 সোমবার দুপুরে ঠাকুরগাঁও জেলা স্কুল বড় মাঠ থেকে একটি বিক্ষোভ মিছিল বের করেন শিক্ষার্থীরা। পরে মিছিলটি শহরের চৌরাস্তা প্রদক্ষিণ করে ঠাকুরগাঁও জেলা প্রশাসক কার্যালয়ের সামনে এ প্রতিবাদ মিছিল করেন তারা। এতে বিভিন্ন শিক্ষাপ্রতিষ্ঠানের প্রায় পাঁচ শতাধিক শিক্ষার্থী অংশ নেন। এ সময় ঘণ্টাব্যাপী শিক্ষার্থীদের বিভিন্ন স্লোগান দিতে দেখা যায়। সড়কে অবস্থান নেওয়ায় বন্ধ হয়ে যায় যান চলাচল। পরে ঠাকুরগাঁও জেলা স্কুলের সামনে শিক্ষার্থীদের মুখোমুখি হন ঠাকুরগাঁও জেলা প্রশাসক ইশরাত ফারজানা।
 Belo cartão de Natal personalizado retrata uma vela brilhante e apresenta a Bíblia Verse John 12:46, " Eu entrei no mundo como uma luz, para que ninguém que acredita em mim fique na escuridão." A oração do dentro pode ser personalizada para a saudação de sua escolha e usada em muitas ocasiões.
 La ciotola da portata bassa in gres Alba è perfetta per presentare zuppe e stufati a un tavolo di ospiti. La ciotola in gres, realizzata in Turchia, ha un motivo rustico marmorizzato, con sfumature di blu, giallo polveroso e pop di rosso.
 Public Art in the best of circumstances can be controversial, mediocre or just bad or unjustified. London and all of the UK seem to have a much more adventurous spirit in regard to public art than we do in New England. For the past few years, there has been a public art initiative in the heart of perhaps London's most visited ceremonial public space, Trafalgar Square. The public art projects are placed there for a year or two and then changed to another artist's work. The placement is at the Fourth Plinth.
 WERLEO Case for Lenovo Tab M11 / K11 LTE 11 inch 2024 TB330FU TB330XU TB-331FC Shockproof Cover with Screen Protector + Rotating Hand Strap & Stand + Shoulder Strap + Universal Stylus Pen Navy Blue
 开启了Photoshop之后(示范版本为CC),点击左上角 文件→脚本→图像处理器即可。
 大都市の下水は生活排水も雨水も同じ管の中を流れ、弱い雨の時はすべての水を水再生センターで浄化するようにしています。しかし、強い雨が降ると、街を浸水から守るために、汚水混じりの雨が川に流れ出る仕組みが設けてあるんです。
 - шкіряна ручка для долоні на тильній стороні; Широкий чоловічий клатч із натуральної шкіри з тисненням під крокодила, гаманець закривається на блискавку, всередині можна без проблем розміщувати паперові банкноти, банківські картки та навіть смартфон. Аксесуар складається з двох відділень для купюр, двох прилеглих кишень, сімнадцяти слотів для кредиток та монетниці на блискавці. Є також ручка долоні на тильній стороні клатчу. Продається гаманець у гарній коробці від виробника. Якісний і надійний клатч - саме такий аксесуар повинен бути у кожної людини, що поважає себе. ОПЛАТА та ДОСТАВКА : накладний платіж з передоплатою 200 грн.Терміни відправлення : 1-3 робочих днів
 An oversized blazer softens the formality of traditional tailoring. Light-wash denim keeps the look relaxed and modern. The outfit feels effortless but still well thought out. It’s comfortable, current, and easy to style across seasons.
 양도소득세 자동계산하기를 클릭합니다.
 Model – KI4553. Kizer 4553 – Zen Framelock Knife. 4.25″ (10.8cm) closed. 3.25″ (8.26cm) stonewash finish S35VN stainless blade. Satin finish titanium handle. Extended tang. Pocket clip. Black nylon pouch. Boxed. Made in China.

---

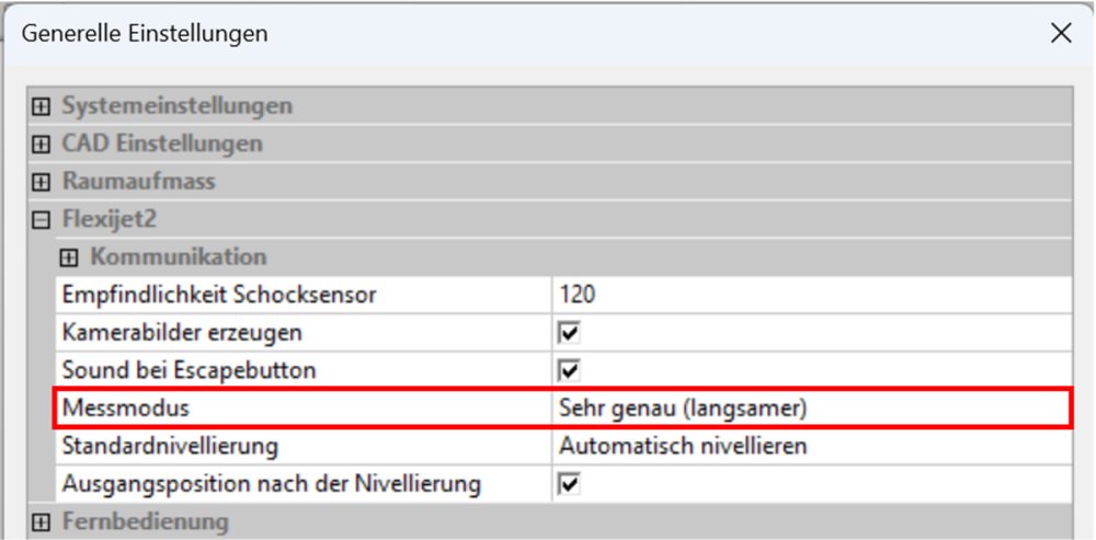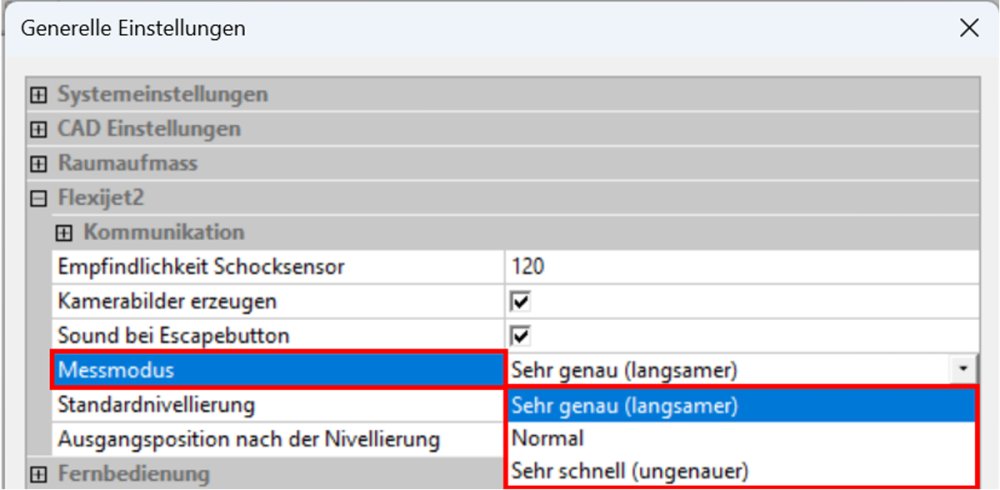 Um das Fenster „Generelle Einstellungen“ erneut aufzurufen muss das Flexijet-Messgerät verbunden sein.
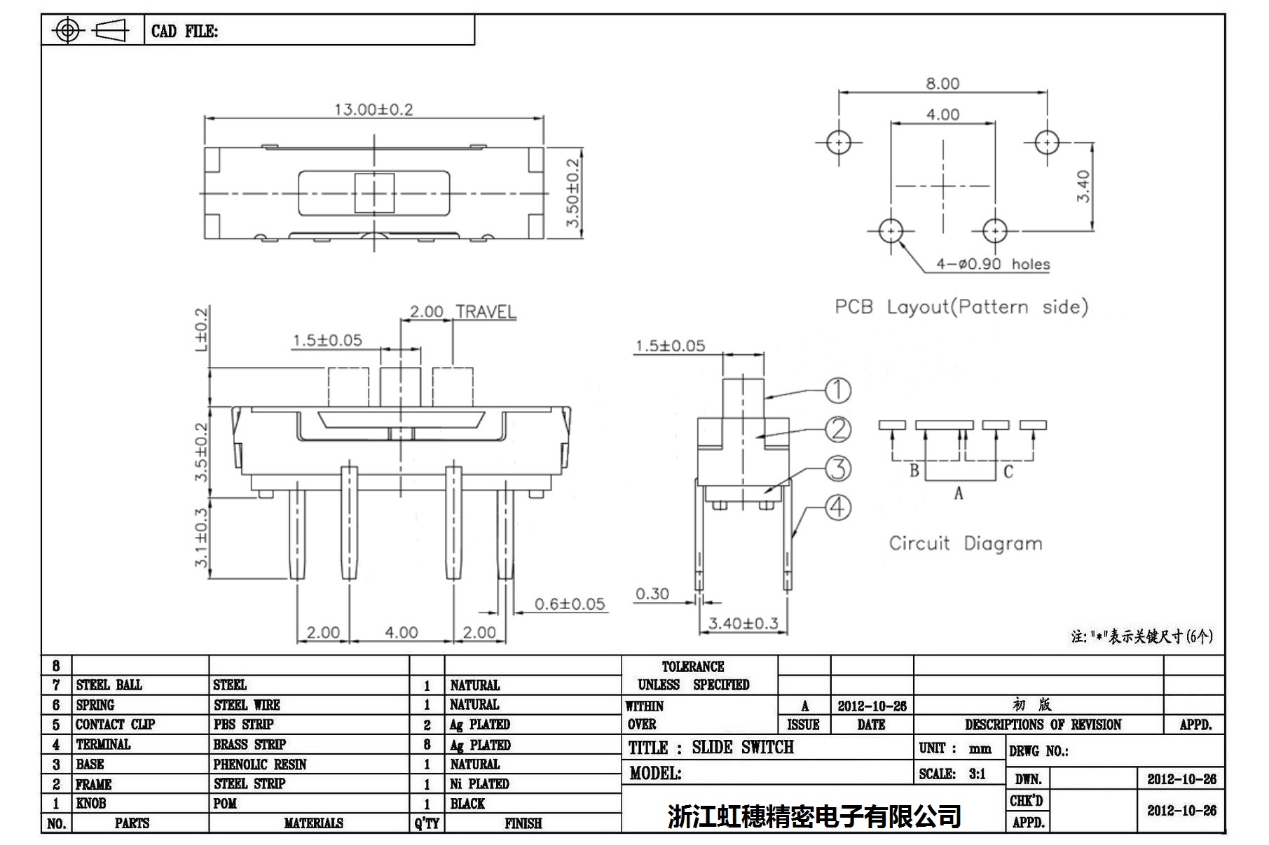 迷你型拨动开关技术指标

---

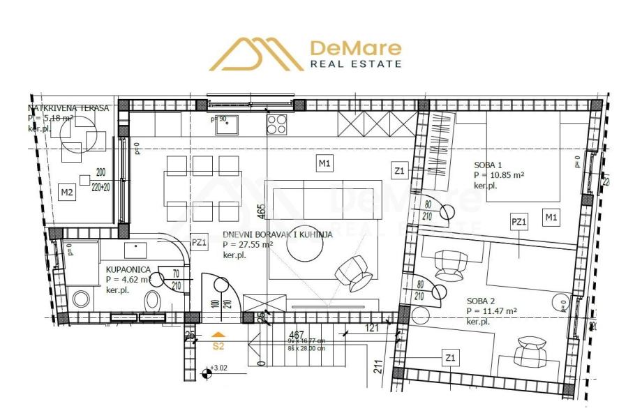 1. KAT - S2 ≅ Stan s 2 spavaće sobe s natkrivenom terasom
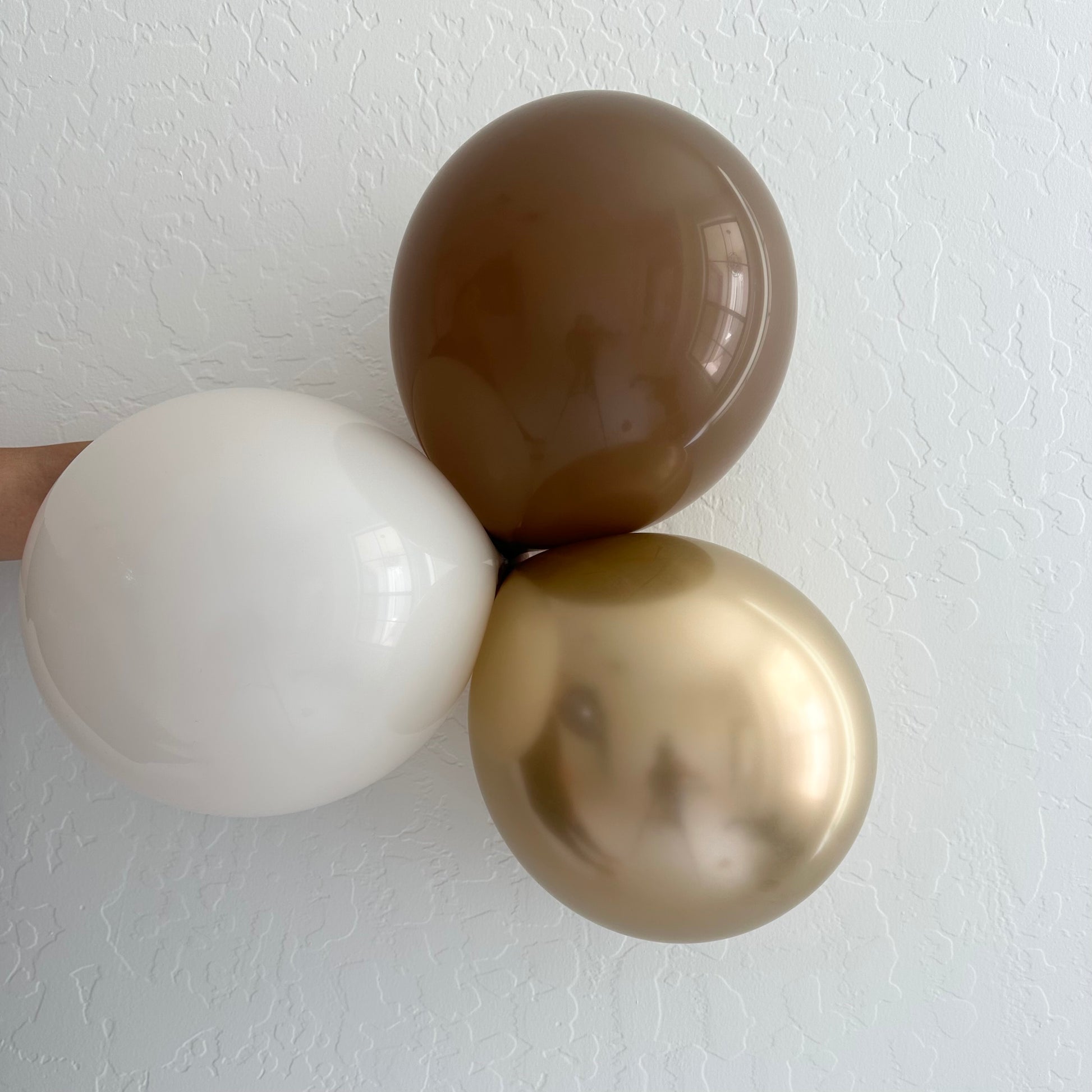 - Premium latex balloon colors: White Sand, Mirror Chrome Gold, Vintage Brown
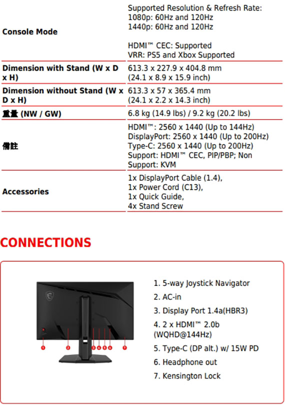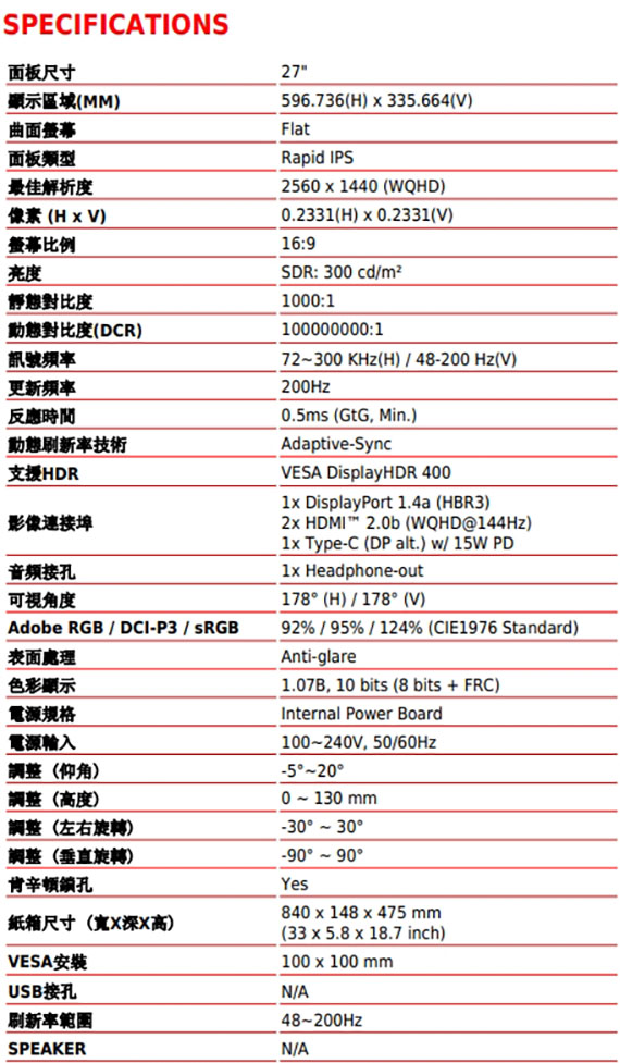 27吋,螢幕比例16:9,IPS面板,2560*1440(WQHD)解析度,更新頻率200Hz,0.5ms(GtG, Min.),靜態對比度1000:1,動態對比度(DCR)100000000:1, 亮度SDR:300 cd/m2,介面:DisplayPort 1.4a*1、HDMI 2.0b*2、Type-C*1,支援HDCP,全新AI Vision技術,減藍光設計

**Your assignment**.
Everything above from the line containing "WERLEO Case for" down to the line containing "大都市の下水は生活排水も雨水" is to be transcribed exactly, with both of those lines included and nothing else added.

**Exercise output**.
 WERLEO Case for Lenovo Tab M11 / K11 LTE 11 inch 2024 TB330FU TB330XU TB-331FC Shockproof Cover with Screen Protector + Rotating Hand Strap & Stand + Shoulder Strap + Universal Stylus Pen Navy Blue
 开启了Photoshop之后(示范版本为CC),点击左上角 文件→脚本→图像处理器即可。
 大都市の下水は生活排水も雨水も同じ管の中を流れ、弱い雨の時はすべての水を水再生センターで浄化するようにしています。しかし、強い雨が降ると、街を浸水から守るために、汚水混じりの雨が川に流れ出る仕組みが設けてあるんです。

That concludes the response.